Melih Tavukçuoğlu, head of the Contractors’ Association on Istanbul’s Asian side, called last month’s rise in housing sales to foreigners “historic.”
He said easing the requirements for foreigners to acquire Turkish citizenship had helped spur sales.
Tavukçuoğlu added that the number of properties sold to Germans, British and Swedes spiked sharply on an annual basis in October – up 222 percent, 131 percent, and 137 percent, respectively – thanks to the “recovery in tourism” this summer.
“We may sell 40,000 units to foreigners in 2018, this is a historical record for our country,” he said.
Industrial Development Bank of Turkey (TSKB) Real Estate Valuation General Manager Makbule Yönel Maya underscored the huge impact of the housing campaigns on the soaring sales exceeding expectations.

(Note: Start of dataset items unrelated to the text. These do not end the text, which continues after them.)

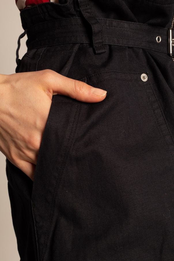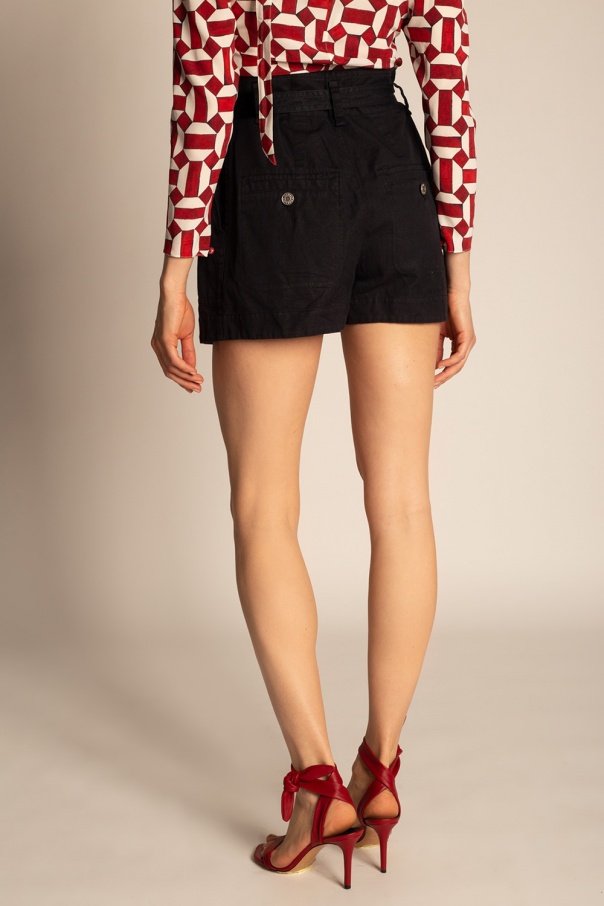 Navy shorts with a belt from Isabel Marant Étoile. Crafted from a cotton and linen blend, this design features a zip fastening, two front pockets, two buttoned back pockets.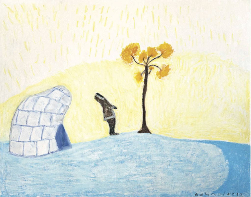 Inuit artist Elisapee Ishulutaq (1925–2018) appears in Kunuk and Mauro’s film, testifying to the state of the Arctic’s climate. She has also been testifying through her drawings, such as Climate Change (2012). The work depicts a lone Inuk in a parka, an igloo and a tree on either side. The figure faces the tree, which has begun to bloom in brilliant orange, despite being rooted in a patch of icy ground. To the back of the figure, a melting igloo lurches uncomfortably to the side; built of solid, stable blocks of snow, its melt takes on embodied, anthropomorphic dimensions as it leans longingly towards the figure. (Can an igloo long for something? Looking at Ishulutaq’s drawing, I feel distinctly that it can.)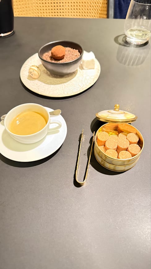 5/10We were excited to try this Michelin-starred restaurant, but the experience fell short. As vegetarian and vegan diners, we received repetitive vegetable-based dishes with no protein or creativity. Service felt cold and disengaged, and the atmosphere was uncomfortable — the room was warm, the chairs were heavy, and the table was too cramped. We were also surprised by hidden charges, like €9 for a bland tea. Overall, the meal lacked flavor, variety, and hospitality. Disappointing, and not reflective of what we expect from a Michelin-rated experience.

As for the above-expectations surge in sales, Maya pointed to other factors in addition to the real estate campaigns and reduction of citizenship limits. The campaign for the deduction of value-added tax and discount on title deed fees had previously been announced to cease on Oct. 31. Those who wanted to benefit from these reductions had to have completed their title deed procedures in October. Therefore, the surge in the sales resulted in historic highs.

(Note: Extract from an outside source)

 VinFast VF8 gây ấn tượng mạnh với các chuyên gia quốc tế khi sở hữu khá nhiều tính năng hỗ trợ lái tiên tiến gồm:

In a bid to boost property sales, the government lowered value-added tax from 18 percent to 8 percent and title deed fees to 3 percent from 4 percent. Treasury and Finance Minister Berat Albayrak announced the renewal of the campaign on Oct. 31, extending it to the end of the year.
Leading real estate firms also launched a comprehensive campaign that lasted from Aug. 31 to Oct. 31 to increase their sales. The campaign included an interest rate support for real estate loans, discount on prices and eased down payment conditions.
Association of Housing Developers and Investors Association (KONUTDER) Chair and Sur Yapı Chair Altan Elmas evaluated the housing sales to foreigners and drew attention to the consecutive records of the sector.
Elmas said that the sector will generate $6 billion from housing sales to foreigners and eyes to reach $10 billion next year. He noted that providing Eximbank loans for the real estate sector and supporting overseas promotion activities will certainly further reinforce the sector, raising sales to foreign buyers.
Nazmi Durbakayım, the head of the Istanbul Constructors’ Association (İNDER), stressed the increasing demand of foreigners in the Turkish real estate market. He also noted that the sales to foreigners is likely to exceed 40,000. So far, Durbakayım added, the real estate developers have earned more than $4 billion from sales to foreign buyers.
The İNDER chairman said the sector’s aim is to reach $15 billion in sales to foreigners and this target could be more easily achieved if housing sales to foreigners are categorized as exports and appropriate loans are provided for the sector. He also highlighted that the reduction of citizenship limit to $250,000 from $1 million in September has been an important trigger in fueling foreign purchases.
The Turkish government reduced the limits for foreigners to acquire Turkish citizenship to encourage investment, according to new regulations published in the country’s Official Gazette on Sept. 19.
Accordingly, foreigners who own real estate in Turkey worth a minimum of $250,000, instead of a previous limit of $1 million, can now avail Turkish citizenship. Turkey’s housing sales to foreigners have presented an upward trend since 2012, the year when parliamentary law made it easier for foreign investors to purchase real estate in the country.
Even though the amendment which offered citizenship to foreigners via four types of investment choices, including a real estate investment of $1 million had contributed to increasing real estate sales to foreigners last year, the representatives of leading real estate providers on a number of occasions emphatically suggested that the $1 million bar should be reduced on the grounds that it will further encourage sales and foster growth in the construction sector.